A quick look at the provisions of the temporary worker program passed in the Senates bill (S.2611) reveals one possible loophole that would allow businesses to exploit the program.

According to the legislation, an H-2c guest worker visa would be valid for a period of three years with the ability to extend it for an additional three. After accumulated four years of temporary status a worker would be allowed to petition for permanent status. What would prevent unscrupulous employers from terminating employees after the three-year period, before they were eligible to self-petition? Given the fact that a worker would have only 60 days to find new employment before their H-2c status was revoked it is quite possible that these workers would be forced to leave the program, and the country. Additionally, new employers might be hesitant to hire workers whose visa extensions were pending and prefer workers who had not already completed half of their visa term.

This is only one possible scenario of many that demonstrate the problems of any worker program that is temporary in nature.
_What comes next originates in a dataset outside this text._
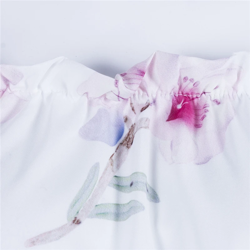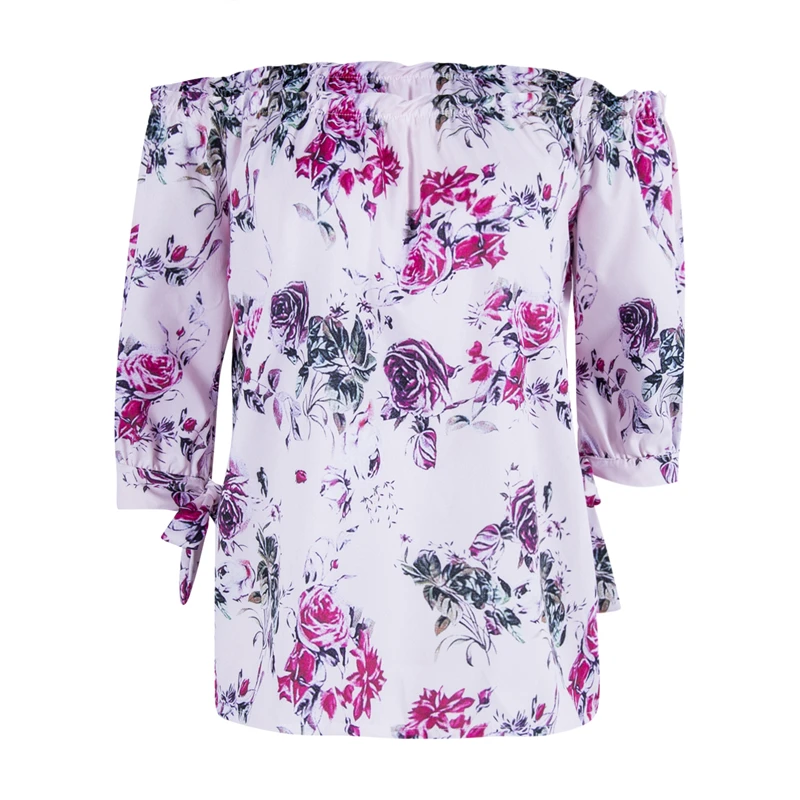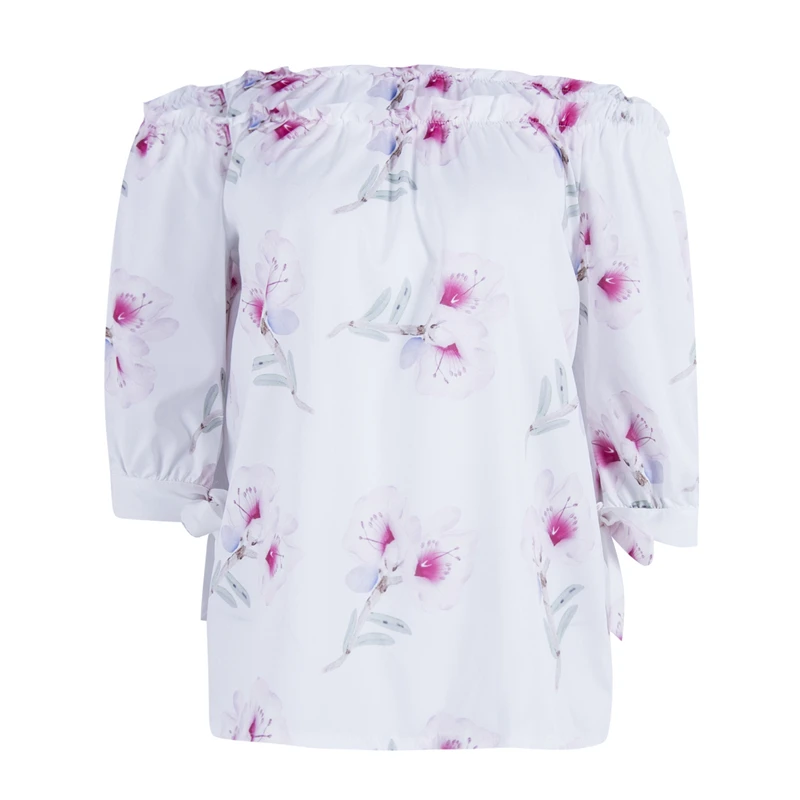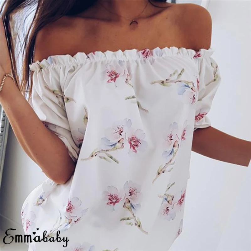Рубашка женская с открытыми плечами и цветочным принтом, повседневный Топ, пикантная блузка, рубашка с рукавом до локтя в стиле Харадзюку, с принтом, на лето

What about the US citizen children born of H-2 visa holders? What is their status? Must they be returned to their parent's country of origin at the end of the six-year visa period?

Ms. Munoz rightfully points out that specific details can be worked on and hopefully changed through lobbying efforts. Yet what cannot be changed is the whole concept behind the program.
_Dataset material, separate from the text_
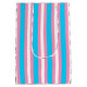 Fun gift bag in light blue, pink and white stripes, hearts and rainbows to stand for the transgender flag colors.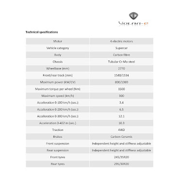 Los encargados de probar la primera unidad serán los pilotos Antonio Zanini y la campeona motociclista Laia Sanz, que tendrán el privilegio de ser los primeros en poder sentir las sensaciones de conducir un coche dotado de cuatro motores eléctricos de 200 kW cada uno, para un total de 1.086 CV, con un demoledor par motor de 6.000Nm, que le permite alcanzar los 100 km/h en 3.5 segundos, una cifra que siendo impresionante, esperábamos que fuese algo mejor dada la potencia y el par motor.

Outside of some specific instances, such as seasonal agricultural work, why would the government need to place arbitrary restrictions on the time immigrant workers were allowed to stay in the country. If the job market dictates that certain positions need to be filled with immigrant labor, are we to believe that those positions will no longer be available at the end of three or six years? That would have to be the case in order for any temporary program implemented to be logical. If the positions were to still exist, there would be no reason to send workers home.

Obviously, certain special interest favor a guest worker program because it has the potential to prevent workers from accumulating enough time on the job to get substantial pay increases, qualify for certain benefits, or organize effectively in unions. But we should not be so quick to capitulate to them in the name of political expediency.
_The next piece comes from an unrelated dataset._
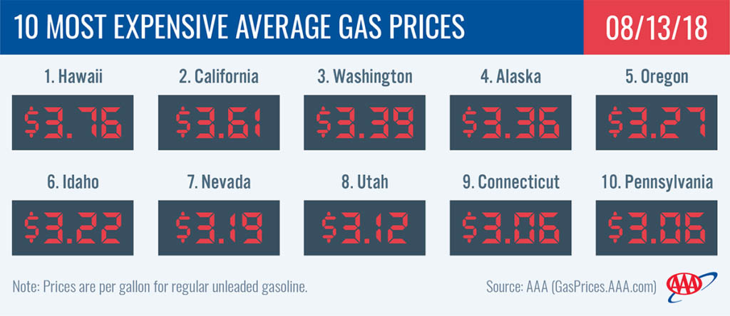 - The nation’s top 10 most expensive markets are: Hawaii($3.76), California ($3.61), Washington ($3.39), Alaska ($3.36), Oregon ($3.27), Idaho ($3.22), Nevada ($3.19), Utah ($3.12), Connecticut ($3.06) and Pennsylvania ($3.06).

Before signing on to support any temporary program, we should be looking at how best to allow those who wish to come here permanently do so. How we are to determine the levels of immigration going forward and how many workers are needed are questions that need to be addressed, but they should be looked at with an eye towards permanency.

Those who wish to come for short periods should of course be allowed to. Studies show that recent enforcement efforts have in fact prevented large numbers of people who in the past would have returned home after a brief period of work, from doing so. Accommodations for such individuals must be made in any reform legislation. But for the vast majority, the key to any comprehensive plan should be to allow needed workers to enter the country legally and permanently.

1 comment:

tim said...

See Richard Vogel in Monthly Review recently who writes:
http://www.monthlyreview.org/0107vogel.htm
Not the least of the political considerations is the fact that the initiative to adopt a national guest worker program is the latest battle in the campaign against organized labor that was launched in the 1980s. While the offshoring of manufacturing jobs and the flood of anti-union legislation have devastated traditional unions, the prospect of having millions of workers trapped in transient servitude in the United States threatens to nullify current labor movements throughout the Americas.

Despite the clamor in Congress from both conservatives and liberals for a national guest worker program, it is a reactionary policy with dire economic, social, and political ramifications. The working people of the United States must respond to the pending program of transient servitude with the same answer we have given to all forms of human servitude in the past—a resounding NO!

We are facing the fight of our lives.